Why Do We Need, or Think We Need, Salt?
Why do we eat so much salt? Our dietitian explains, and is giving you tips on how to curb your craving for so much salt.
According to the American Heart Association, Americans are only supposed to consume an average of 2,300mg of sodium per day. Instead, we consume a whopping 3,436mg on average.
Why, then, are we so far above our recommended limit? Sometimes, we just can't seem to get enough.
The Satisfaction of Seasoning
“As a society, we have it in our minds that food simply doesn’t taste as good without covering it in salt,” says Christy Shatlock, MS/RD and one of the lead dietitians for BistroMD. “Table salt is one of the biggest culprits of why we consume so much sodium. Just one teaspoon has about 2,325mg, of sodium alone.”
Our desire to season everything with salt is one of the reasons why cases of high blood pressure are at an all-time high. According to the National Heart, Lung and Blood Institute, nearly 1 in 3 U.S. adults are living with this condition.

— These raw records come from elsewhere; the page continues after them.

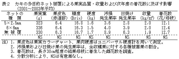 表2 カキの多目的ネット被覆による果実品質・収量および次年度の着花数に及ぼす影響(2001〜2003年平均)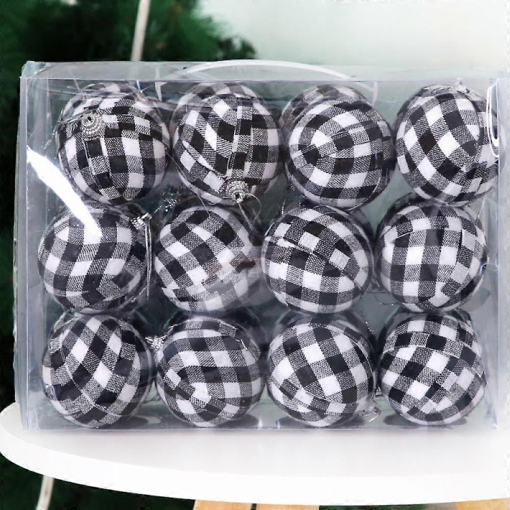 24Pcs Christmas Mini Plaid Ball Ornaments, Buffalo Plaid Fabric Xmas Balls 2.8" for Tree Decor, Party Hanging Ornament, White & Black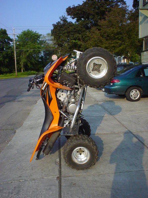 I rode my buddies new Z400 last weekend...my god, that is a no-hander machine! My EX chokes slightly when it's vertical and you aren't giving it gas....Where as the Z stays idleing high and doesn't skip a beat...made a big difference. If I hit the break on my EX in a no hander and drop it slightly below balance point it's over and it won't come back up, but the Z will. All it needs is a slip-on and that would be my choice for a stunt quad.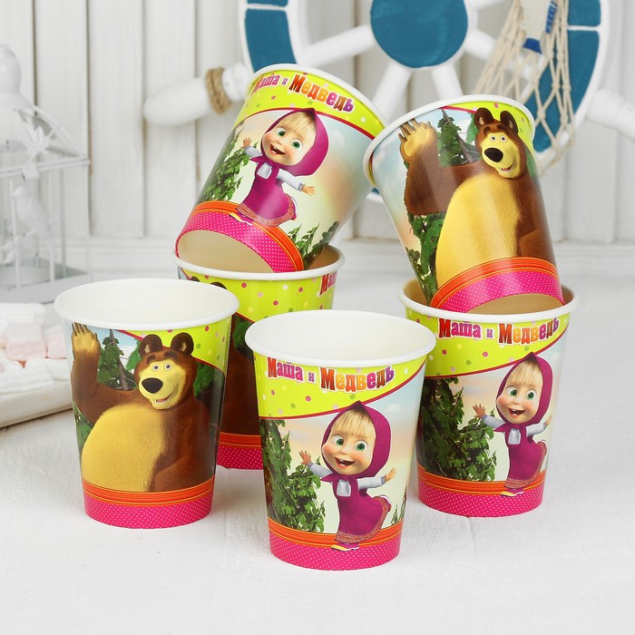Стаканы бумажные "Маша и Медведь", 250 мл, набор 6 шт.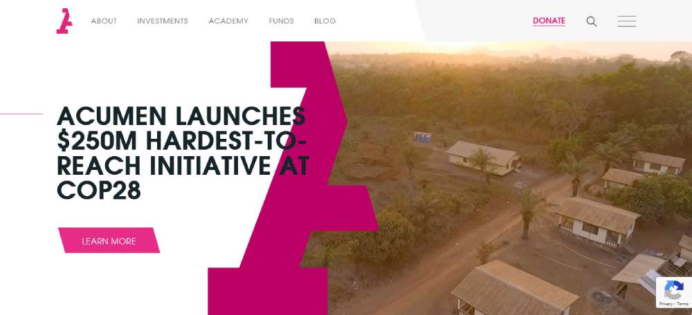 Over at Acumen, it's about standing out. That pink/magenta vibe? Totally catches your eye. And the layout? Spacious and inviting. They've nailed the Social Entrepreneurship angle with a touch of Modern Non-Profit Aesthetics. It's class meets cause, wrapped in a Bold Color Scheme.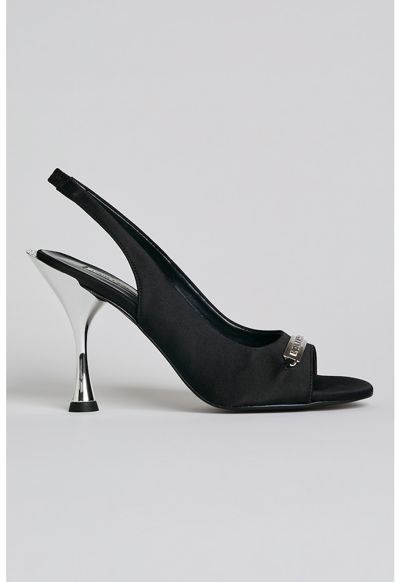 Caracteristici Tip: cu toc Culoare: negru Material: textil Imprimeu: logo Stil: elegant Tip toc: clasic Sistem inchidere: fara inchidere Compozitie Partea superioara: textil Material interior: piele de capra Material talpa: alte materiale Dimensiuni Inaltime toc: 10 cm

With so many people addicted to table salt and other unhealthy seasonings, how do we break the habit?
“One of the main things people can do to tame their salt habit is to pay more attention to the foods they eat,” says Christy. “Processed foods such as bread, pizza, cold cuts, and bacon and cheese contain a ton of sodium. In order to avoid taking in too much sodium, pay more attention to labels. Generally, try to avoid food products that contain 200mg or more sodium per serving. This intake is fine as long as you watch that your total daily intake falls under the American Heart Association’s recommended 2,300mg of sodium per day."
Packaging and Labels are Tricky
Just because something is low in sodium, doesn’t mean it’s also low in salt. In fact, one of the reasons why a majority of our population has high blood pressure is our failure to understand how to properly read labels.
“Many people can be fooled by what’s on the label,” says Christy. “Even if something says ‘reduced sodium’ or ‘light in sodium’ that doesn’t mean it’s a good option.”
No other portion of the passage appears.